論説
— 創世記11章 — <聖書を読みましょう>
「さて、全地は一つのことば、一つの話しことばであった。そのころ、人々は東のほうから移動して来て、シヌアルの地に平地を見つけ、そこに定住した。彼らは互いに言った。「さあ、れんがを作ってよく焼こう。」彼らは石の代わりにれんがを用い、粘土の代わりに瀝青を用いた。そのうちに彼らは言うようになった。「さあ、われわれは町を建て、頂が天に届く塔を建て、名をあげよう。われわれが全地に散らされるといけないから。」
そのとき主は人間の建てた町と塔をご覧になるために降りて来られた。主は仰せになった。「彼らがみな、一つの民、一つのことばで、このようなことをし始めたのなら、今や彼らがしようと思うことで、とどめられることはない。さあ、降りて行って、そこでの彼らのことばを混乱させ、彼らが互いにことばが通じないようにしよう。」こうして主は人々を、そこから地の全面に散らされたので、彼らはその町を建てるのをやめた。それゆえ、その町の名はバベルと呼ばれた。主が全地のことばをそこで混乱させたから、すなわち、主が人々をそこから地の全面に散らしたからである。」(創世記 11:1-9)
人類にとって非常に重要なできごとがおきた記録がこの記事です。
神は地の全面に広がれ、「生めよ。ふえよ。地を満たせ。地を従えよ。」(創世記 1:28)とお命じになったのですが、人間はそれに反抗し、「われわれが全地に散らされることのないようにしよう」としました。

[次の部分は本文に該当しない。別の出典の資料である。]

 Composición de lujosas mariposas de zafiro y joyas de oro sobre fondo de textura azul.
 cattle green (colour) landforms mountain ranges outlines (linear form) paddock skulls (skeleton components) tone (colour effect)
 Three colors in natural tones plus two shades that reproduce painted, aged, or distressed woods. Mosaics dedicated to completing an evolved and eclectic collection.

そして地上で最初の権力者となった「ニムロデ(創世記10:8)の地」シヌアルに巨大な塔を建ててそこに集まっていようとしました。それがバベルの塔です。後のバビロンも近くにあります。みな地上の権力者ニムロデに発しています。彼らは建築に適したレンガを作りました。エジプト人は焼かない「日干しレンガ」を使いましたが、彼らは石に匹敵する堅い焼いたレンガを使ったことが記されています。レンガを結着する材料は「瀝青」で、アスファルトのことです。彼らの仕事ははかどり、かつ頑丈な塔ができたことでしょう。

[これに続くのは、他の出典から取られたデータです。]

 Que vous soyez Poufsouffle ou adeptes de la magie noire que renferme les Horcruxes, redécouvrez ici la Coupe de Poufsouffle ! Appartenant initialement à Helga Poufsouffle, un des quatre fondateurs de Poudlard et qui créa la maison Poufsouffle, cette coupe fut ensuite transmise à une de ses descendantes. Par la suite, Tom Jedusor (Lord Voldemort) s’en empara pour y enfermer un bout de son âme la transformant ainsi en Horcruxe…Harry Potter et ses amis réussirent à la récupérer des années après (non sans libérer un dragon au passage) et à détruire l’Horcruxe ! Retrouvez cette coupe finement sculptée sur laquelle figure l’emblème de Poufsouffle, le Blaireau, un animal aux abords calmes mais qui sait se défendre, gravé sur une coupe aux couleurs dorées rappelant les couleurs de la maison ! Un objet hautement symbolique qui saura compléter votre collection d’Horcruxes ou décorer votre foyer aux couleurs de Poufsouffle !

神がその働きを止めさせるためにとられた方法は人間の言葉を多くの言語に変
えてしまうことでした。それで人間はそこを離れて地の全面に散っていきました。
人間の言葉を一つにしようという試みは決して成功しません。新しい言葉をつくると、言葉が一つ増えるだけです。
もうひとつ、人間が多くの言葉であることは、人間にとって非常によいことなのです。人間がひとつの言葉に戻るなら、バベルの塔の再来が起きるでしょう。
10節から26節までがセムからアブラムまでの系図です。
27節から32節まで、アブラムの父テラについて書かれています。テラもカナンの地に行くつもりでしたが、アラム人の地となったハランまで行って死にました。
アブラムの妻サライについて書かれています。彼はサライを妹(異母妹)だと言っていますがこの記事だけではわかりません。